Would you give the listing again exactly, without its images?

▸ **DATASET SECTION**:
=-=-=

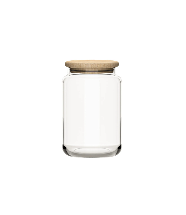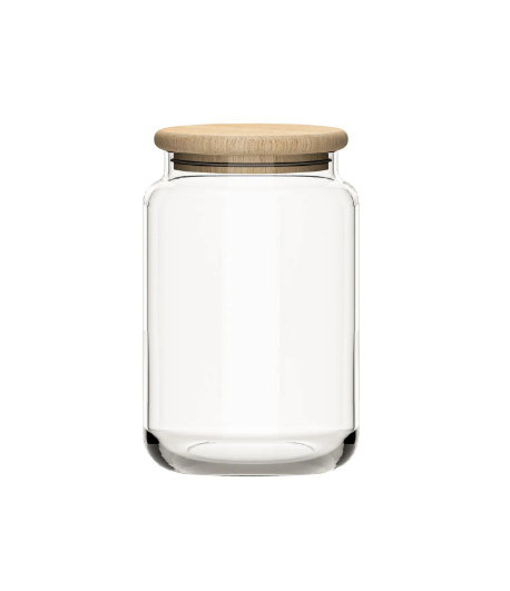 Wykonany z bezpiecznego szkła sodowo-wapniowego, pojemnik zapewnia trwałość i zdrowie, a drewniane wieczko z silikonową uszczelką dba o świeżość przechowywanych produktów, takich jak mąka, płatki czy cukier. Zapach świecy pozostaje na dłużej.
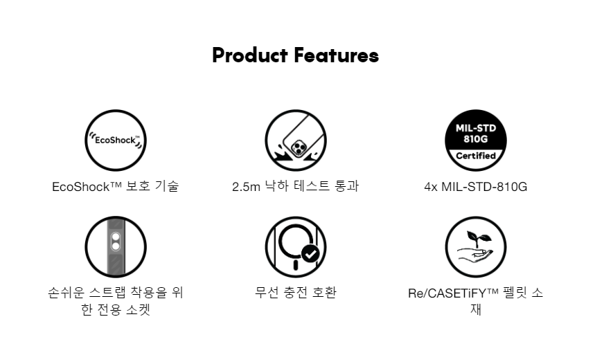 케이스티파이에서 강력한 보호력을 자랑하는 케이스. 독자적 보호 기술 EcoShock™으로 마감된 코너 설계로 최대 6.5M의 낙하 실험을 통과했으며 MIL-STD-810G 밀리터리 등급 기준 6배에 달하는 보호력을 보여준다고 합니다. 전면 디스플레이를 보호하기 위해서 베젤이 두껍게 튀어나오도록 설계되어 있어서 앞으로 떨어져도 액정이 바닥에 직접적으로 닿지 않아 파손 위험을 줄여줍니다. 맥세이프 기능이 포함되어 있습니다. 다만, 보호력에 치중된 제품이니만큼 무게가 상당히 무겁고 디자인이 다른 케이스에 비해 비교적 투박하다는 단점이 있습니다.
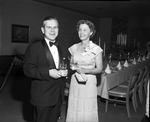 Mrs. W. C. Stripling's birthday party. A man and woman are seen taking a photo before the dinner in the main room. They are both holding a glass with the dinner table behind them. On the back left wall a painting is shown.
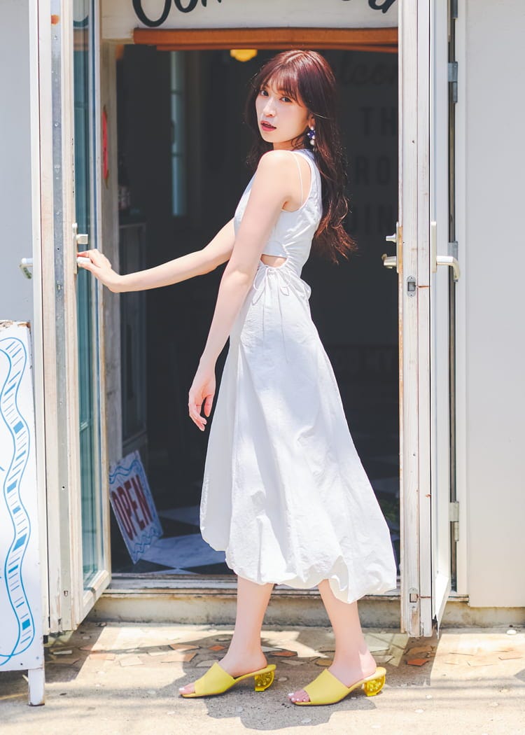 王道白ワンピを使ったコーデ。ウエストのカットデザインが抜け感を演出してくれます。足元には夏らしいイエローサンダルを選んで爽やかな印象に。大きめのアクセサリーをあわせれば、顔まわりが華やかな印象に仕上がります♡

=-=-=

▸ **YOUR RESPONSE**:
 Wykonany z bezpiecznego szkła sodowo-wapniowego, pojemnik zapewnia trwałość i zdrowie, a drewniane wieczko z silikonową uszczelką dba o świeżość przechowywanych produktów, takich jak mąka, płatki czy cukier. Zapach świecy pozostaje na dłużej.
 케이스티파이에서 강력한 보호력을 자랑하는 케이스. 독자적 보호 기술 EcoShock™으로 마감된 코너 설계로 최대 6.5M의 낙하 실험을 통과했으며 MIL-STD-810G 밀리터리 등급 기준 6배에 달하는 보호력을 보여준다고 합니다. 전면 디스플레이를 보호하기 위해서 베젤이 두껍게 튀어나오도록 설계되어 있어서 앞으로 떨어져도 액정이 바닥에 직접적으로 닿지 않아 파손 위험을 줄여줍니다. 맥세이프 기능이 포함되어 있습니다. 다만, 보호력에 치중된 제품이니만큼 무게가 상당히 무겁고 디자인이 다른 케이스에 비해 비교적 투박하다는 단점이 있습니다.
 Mrs. W. C. Stripling's birthday party. A man and woman are seen taking a photo before the dinner in the main room. They are both holding a glass with the dinner table behind them. On the back left wall a painting is shown.
 王道白ワンピを使ったコーデ。ウエストのカットデザインが抜け感を演出してくれます。足元には夏らしいイエローサンダルを選んで爽やかな印象に。大きめのアクセサリーをあわせれば、顔まわりが華やかな印象に仕上がります♡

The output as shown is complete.